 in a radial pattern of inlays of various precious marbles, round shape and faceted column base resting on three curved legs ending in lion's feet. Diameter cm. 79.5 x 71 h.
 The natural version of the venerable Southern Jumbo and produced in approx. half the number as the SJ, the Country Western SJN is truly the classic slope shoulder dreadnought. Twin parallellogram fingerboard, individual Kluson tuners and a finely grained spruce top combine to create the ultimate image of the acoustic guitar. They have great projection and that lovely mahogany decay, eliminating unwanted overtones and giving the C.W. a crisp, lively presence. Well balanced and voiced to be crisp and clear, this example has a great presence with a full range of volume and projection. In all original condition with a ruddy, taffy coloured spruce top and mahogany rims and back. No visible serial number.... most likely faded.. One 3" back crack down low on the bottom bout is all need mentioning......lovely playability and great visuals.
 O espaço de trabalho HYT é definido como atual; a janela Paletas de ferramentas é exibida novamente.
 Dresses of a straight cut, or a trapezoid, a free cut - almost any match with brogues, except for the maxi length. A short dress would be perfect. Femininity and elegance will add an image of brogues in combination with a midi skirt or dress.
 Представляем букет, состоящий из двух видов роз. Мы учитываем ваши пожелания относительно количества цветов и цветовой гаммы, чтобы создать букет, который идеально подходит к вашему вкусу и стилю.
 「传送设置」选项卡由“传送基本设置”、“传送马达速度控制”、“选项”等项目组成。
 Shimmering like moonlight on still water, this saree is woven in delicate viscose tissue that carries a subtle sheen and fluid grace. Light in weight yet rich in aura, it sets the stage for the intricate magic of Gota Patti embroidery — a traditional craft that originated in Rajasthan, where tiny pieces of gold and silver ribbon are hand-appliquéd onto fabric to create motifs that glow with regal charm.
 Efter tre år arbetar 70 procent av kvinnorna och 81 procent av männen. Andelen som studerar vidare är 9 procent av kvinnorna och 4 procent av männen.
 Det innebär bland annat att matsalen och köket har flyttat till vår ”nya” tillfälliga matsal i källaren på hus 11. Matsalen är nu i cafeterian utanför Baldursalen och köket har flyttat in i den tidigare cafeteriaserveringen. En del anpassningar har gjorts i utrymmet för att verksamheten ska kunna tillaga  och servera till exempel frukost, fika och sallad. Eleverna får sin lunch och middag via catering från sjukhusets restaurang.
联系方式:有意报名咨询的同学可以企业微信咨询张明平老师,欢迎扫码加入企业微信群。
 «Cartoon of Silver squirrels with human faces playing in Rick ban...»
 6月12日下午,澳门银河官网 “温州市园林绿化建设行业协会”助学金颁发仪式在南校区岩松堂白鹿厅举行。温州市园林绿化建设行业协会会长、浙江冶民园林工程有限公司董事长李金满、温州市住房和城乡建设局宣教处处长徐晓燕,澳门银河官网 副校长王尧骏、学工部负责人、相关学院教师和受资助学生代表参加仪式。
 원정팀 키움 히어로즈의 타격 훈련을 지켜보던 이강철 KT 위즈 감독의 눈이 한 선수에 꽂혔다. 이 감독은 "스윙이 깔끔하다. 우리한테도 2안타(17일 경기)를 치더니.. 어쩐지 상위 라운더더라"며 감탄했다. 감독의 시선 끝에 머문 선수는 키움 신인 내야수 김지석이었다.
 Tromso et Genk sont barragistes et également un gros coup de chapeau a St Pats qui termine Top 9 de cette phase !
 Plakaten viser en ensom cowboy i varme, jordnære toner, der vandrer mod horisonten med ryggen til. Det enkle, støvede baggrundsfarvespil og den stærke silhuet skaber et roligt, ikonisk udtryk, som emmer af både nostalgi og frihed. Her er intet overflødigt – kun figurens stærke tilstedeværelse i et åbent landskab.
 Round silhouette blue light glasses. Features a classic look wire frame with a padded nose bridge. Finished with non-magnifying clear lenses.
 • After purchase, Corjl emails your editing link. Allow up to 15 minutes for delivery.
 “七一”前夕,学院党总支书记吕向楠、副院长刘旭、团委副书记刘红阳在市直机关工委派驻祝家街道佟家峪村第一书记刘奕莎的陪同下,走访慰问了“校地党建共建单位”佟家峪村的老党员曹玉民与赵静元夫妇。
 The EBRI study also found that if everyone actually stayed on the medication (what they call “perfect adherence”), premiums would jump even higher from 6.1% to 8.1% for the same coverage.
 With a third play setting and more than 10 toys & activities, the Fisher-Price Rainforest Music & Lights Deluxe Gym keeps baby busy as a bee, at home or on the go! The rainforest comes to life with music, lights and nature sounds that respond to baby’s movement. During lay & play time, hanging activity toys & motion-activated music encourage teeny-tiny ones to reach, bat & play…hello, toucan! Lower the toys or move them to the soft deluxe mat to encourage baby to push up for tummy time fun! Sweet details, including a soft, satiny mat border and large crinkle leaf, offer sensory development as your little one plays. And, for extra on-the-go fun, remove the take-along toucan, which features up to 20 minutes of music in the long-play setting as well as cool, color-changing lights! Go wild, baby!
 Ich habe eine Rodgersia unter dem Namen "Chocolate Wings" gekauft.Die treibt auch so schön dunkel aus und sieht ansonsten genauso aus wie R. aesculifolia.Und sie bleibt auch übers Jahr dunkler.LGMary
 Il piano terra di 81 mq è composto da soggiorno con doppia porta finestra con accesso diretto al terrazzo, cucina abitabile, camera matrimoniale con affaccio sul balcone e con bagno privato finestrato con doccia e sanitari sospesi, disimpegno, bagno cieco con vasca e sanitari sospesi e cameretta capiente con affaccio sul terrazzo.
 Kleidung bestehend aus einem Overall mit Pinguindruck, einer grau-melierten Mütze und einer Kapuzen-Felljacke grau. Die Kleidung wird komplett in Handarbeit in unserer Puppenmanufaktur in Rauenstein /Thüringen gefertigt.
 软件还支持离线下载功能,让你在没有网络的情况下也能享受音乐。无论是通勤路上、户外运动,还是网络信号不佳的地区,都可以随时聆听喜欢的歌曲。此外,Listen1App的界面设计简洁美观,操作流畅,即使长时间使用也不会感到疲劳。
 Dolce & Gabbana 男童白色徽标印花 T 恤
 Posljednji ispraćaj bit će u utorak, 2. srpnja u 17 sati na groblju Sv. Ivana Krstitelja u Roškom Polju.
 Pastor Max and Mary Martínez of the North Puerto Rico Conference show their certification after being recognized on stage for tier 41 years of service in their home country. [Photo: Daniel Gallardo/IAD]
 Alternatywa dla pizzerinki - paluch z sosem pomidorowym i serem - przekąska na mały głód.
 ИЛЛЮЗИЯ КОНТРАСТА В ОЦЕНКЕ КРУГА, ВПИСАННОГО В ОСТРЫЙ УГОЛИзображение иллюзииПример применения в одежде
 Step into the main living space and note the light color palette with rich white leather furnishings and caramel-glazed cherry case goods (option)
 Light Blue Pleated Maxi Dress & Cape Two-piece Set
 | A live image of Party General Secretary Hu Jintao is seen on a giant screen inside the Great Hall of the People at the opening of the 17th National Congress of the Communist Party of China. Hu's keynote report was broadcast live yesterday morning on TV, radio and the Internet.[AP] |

----------------

DIRECTIONS: Go through the listing above and locate each line that holds the word "minutes". Copy those lines.

EXERCISE RESPONSE:
 • After purchase, Corjl emails your editing link. Allow up to 15 minutes for delivery.
 With a third play setting and more than 10 toys & activities, the Fisher-Price Rainforest Music & Lights Deluxe Gym keeps baby busy as a bee, at home or on the go! The rainforest comes to life with music, lights and nature sounds that respond to baby’s movement. During lay & play time, hanging activity toys & motion-activated music encourage teeny-tiny ones to reach, bat & play…hello, toucan! Lower the toys or move them to the soft deluxe mat to encourage baby to push up for tummy time fun! Sweet details, including a soft, satiny mat border and large crinkle leaf, offer sensory development as your little one plays. And, for extra on-the-go fun, remove the take-along toucan, which features up to 20 minutes of music in the long-play setting as well as cool, color-changing lights! Go wild, baby!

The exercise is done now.